The matter is narrowed down by that much; we will narrow it further. Can a stomach, of its own motion, assist at a crime? The answer is no, because command is absent, the reasoning faculty is absent, volition is absent--as in the case of the tongs. We perceive now, do we not, that the stomach is totally irresponsible for crimes committed, either in whole or in part, by it?" He got a rousing cheer for response. "Then what do we arrive at as our verdict? Clearly this: that there is no such thing in this world as a guilty stomach; that in the body of the veriest rascal resides a pure and innocent stomach; that, whatever it's owner may do, it at least should be sacred in our eyes; and that while God gives us minds to think just and charitable and honorable thoughts, it should be, and is, our privilege, as well as our duty, not only to feed the hungry stomach that resides in a rascal, having pity for its sorrow and its need, but to do it gladly, gratefully, in recognition of its sturdy and loyal maintenance of its purity and innocence in the midst of temptation and in company so repugnant to its better feelings. I am done."

Well, you never saw such an effect! They rose--the whole house rose--an clapped, and cheered, and praised him to the skies; and one after another, still clapping and shouting, they crowded forward, some with moisture in their eyes, and wrung his hands, and said such glorious things to him that he was clear overcome with pride and happiness, and couldn't say a word, for his voice would have broken, sure. It was splendid to see; and everybody said he had never come up to that speech in his life before, and never could do it again. Eloquence is a power, there is no question of that. Even old Jacques d'Arc was carried away, for once in his life, and shouted out:

"It's all right, Joan--give him the porridge!"

She was embarrassed, and did not seem to know what to say, and so didn't say anything. It was because she had given the man the porridge long ago and he had already eaten it all up. When she was asked why she had not waited until a decision was arrived at, she said the man's stomach was very hungry, and it would not have been wise to wait, since she could not tell what the decision would be. Now that was a good and thoughtful idea for a child.

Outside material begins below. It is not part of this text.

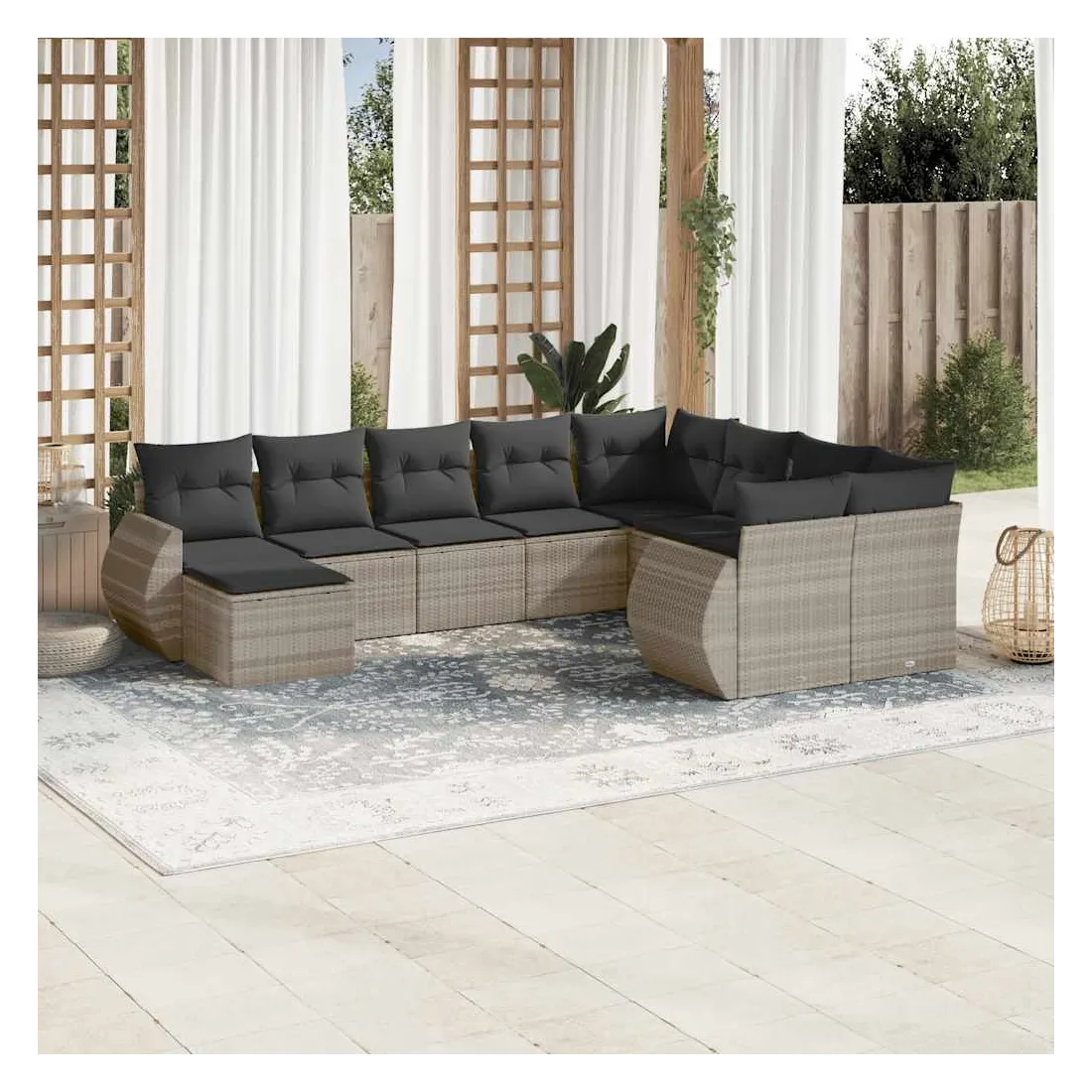 Salon de jardin avec coussins 10 pcs gris clair résine tressée

The man was not a rascal at all. He was a very good fellow, only he was out of luck, and surely that was no crime at that time in France. Now that his stomach was proved to be innocent, it was allowed to make itself at home; and as soon as it was well filled and needed nothing more, the man unwound his tongue and turned it loose, and it was really a noble one to go. He had been in the wars for years, and the things he told and the way he told them fired everybody's patriotism away up high, and set all hearts to thumping and all pulses to leaping; then, before anybody rightly knew how the change was made, he was leading us a sublime march through the ancient glories of France, and in fancy we saw the titanic forms of the twelve paladins rise out of the mists of the past and face their fate; we heard the tread of the innumerable hosts sweeping down to shut them in; we saw this human tide flow and ebb, ebb and flow, and waste away before that little band of heroes; we saw each detail pass before us of that most stupendous, most disastrous, yet most adored and glorious day in French legendary history; here and there and yonder, across that vast field of the dead and dying, we saw this and that and the other paladin dealing his prodigious blows with weary arm and failing strength, and one by one we saw them fall, till only one remained--he that was without peer, he whose name gives name to the Song of Songs, the song which no Frenchman can hear and keep his feelings down and his pride of country cool; then, grandest and pitifulest scene of all, we saw his own pathetic deat; and out stillness, as we sat with parted lips and breathless, hanging upon this man's words, gave us a sense of the awful stillness that reigned in that field of slaughter when that last surviving soul had passed.